Steven requested a comparison of geoduck genome assemblies.
Ran the following Quast command:
<code>/home/sam/software/quast-4.5/quast.py \
-t 24 \
--labels 20180405_sparse_kmer101,supernova_pseudohap_duck4-p,20180421_Hi-C \
/mnt/owl/Athaliana/20180405_sparseassembler_kmer101_geoduck/Contigs.txt \
/mnt/owl//halfshell/bu-mox/analyses/0305b/duck4-p.fasta.gz \
/mnt/owl/Athaliana/20180419_geoduck_hi-c/Results/geoduck_roberts\ results\ 2018-04-21\ 18\:09\:04.514704/PGA_assembly.fasta</code>
Results:
Quast output folder: results_2018_04_30_08_00_42/
Quast report (HTML): results_2018_04_30_08_00_42/report.html
The data’s pretty interesting and cool!
SparseAssembler has over 2x the amount of data (in bas pairs), yet produces the worst assembly.

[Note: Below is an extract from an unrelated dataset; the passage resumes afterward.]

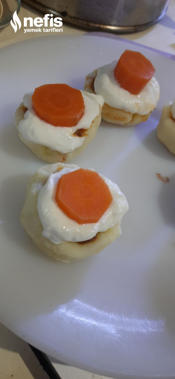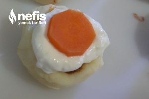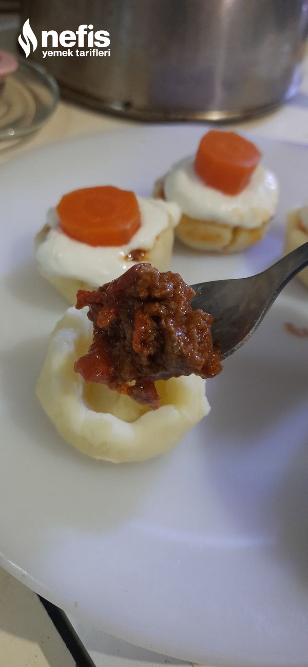 - Patateslerin ortasına kıymalı iç harcını tatlı kaşığı ile koyuyoruz. Üzerine yoğurt döküp ince doğradığımız havuçları koyuyoruz. İsterseniz üzerine dökmek için salçalı sos yapabilirsiniz.

SuperNova and Hi-C assemblies are very close in nearly all categories. This isn’t surprising, as the SuperNova assembly was used as a reference assembly for the Hi-C assembly.
However, the Hi-C assembly is insanely better than the SuperNova assembly! For example:
Largest contig is ~7x larger than the SuperNova assembly.
The N50 size is ~243x larger than the SuperNova assembly!!
L50 is only 18, 46x smaller than the SuperNova assembly!
This is pretty amazing, honestly. Even more amazing is that this data was sent over to us as some “preliminary” data for us to take a peak at!